2 large tins of Woolworths plain Mackerel (not the one in tomato sauce) - drained and flaked





finely chop the veggies and saute in lard till tender
Add two cups of stock and a heaped tbsp tomato paste

cover and simmer for 20 mins




add drained and flaked mackerel and simmer an additional 10 mins

Theoretically this _should _taste like shyte, but it's surprisingly tasty. Having it for brekky now.





Mackerel is only $2 a can at Woolies, it's wild caught Jack Mackerel from the Eastern Pacific / American coasts. Great source of omega 3 and because it's low down in the food chain it has very low levels of mercury compared to Tuna etc.


----------



## manticle (30/6/14)

Lamb leg slow cooked with saison, chicken stock, herbs and garlic.
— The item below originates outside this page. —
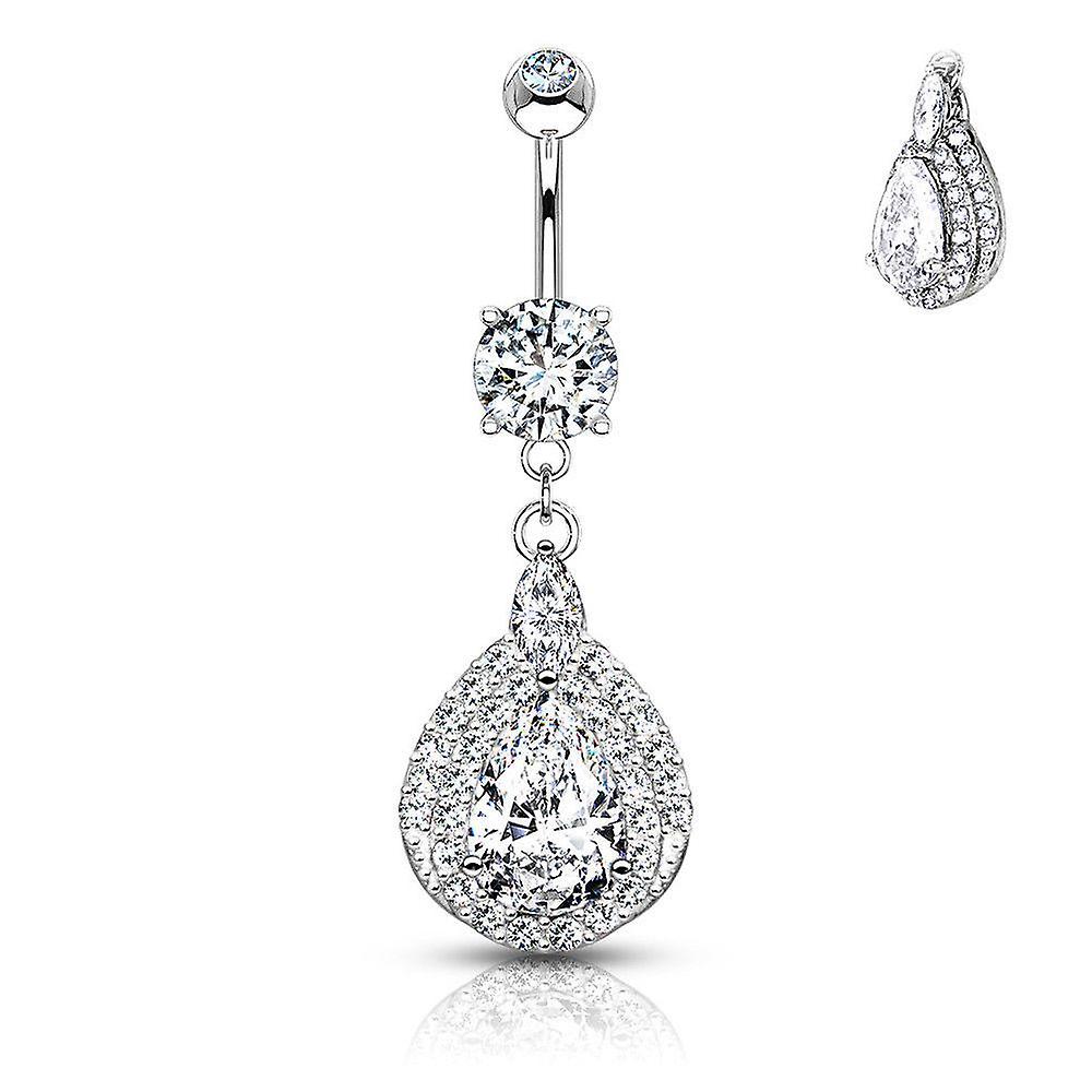 Navel ring 14kt solid gold three tiered tear drop design with cubic zirconia 14g

Drain liquid and reduce to a thick jus, skimming the foam off as you go.
Tea and herb smoked cherry tomatoes, roast baby beets and mixed mushrooms in butter (pine, field, shitake, slippery jack, button), mashed potato as above.


----------



## Tahoose (30/6/14)

Dude, I have just got home from a curry night with the boys, and I'm quite sure I couldn't eat anything else until tomorrow. 

But that sounds awesome, and I'm assuming that with your culinary skills it probably will be awesome.

I was impressed by Saison...


----------



## manticle (30/6/14)

I had a couple that accidentally got frozen so I used them for cooking. I find rich slow cooked red meat dishes can often work better with white wine or pale beers as it helps balance the concentrated richness.


----------



## Tahoose (30/6/14)

Yeah sounds good, I'm sure they would go well drinking with the specified meal. 

I'm sure I'll have to re-read this tomorrow for some kitchen inspiration, a couple of bottles of wine have got me toasted.'


----------



## TimT (6/7/14)

We just got back from Bright where we picked some pine mushrooms. So today, pearl barley risotto with pine mushrooms - a loose adaptation of a Stephanie Alexander recipe. (She uses porcini and button mushrooms).


----------



## wide eyed and legless (6/7/14)

Slightly off topic, can anyone tell me the name of the Chinese cooking show where the male Chinese narrator had a soft pleasant 
voice which could put you to sleep, and also what channel was it on.


----------



## Mardoo (6/7/14)

TimT said:


> We just got back from Bright where we picked some pine mushrooms. So today, pearl barley risotto with pine mushrooms - a loose adaptation of a Stephanie Alexander recipe. (She uses porcini and button mushrooms).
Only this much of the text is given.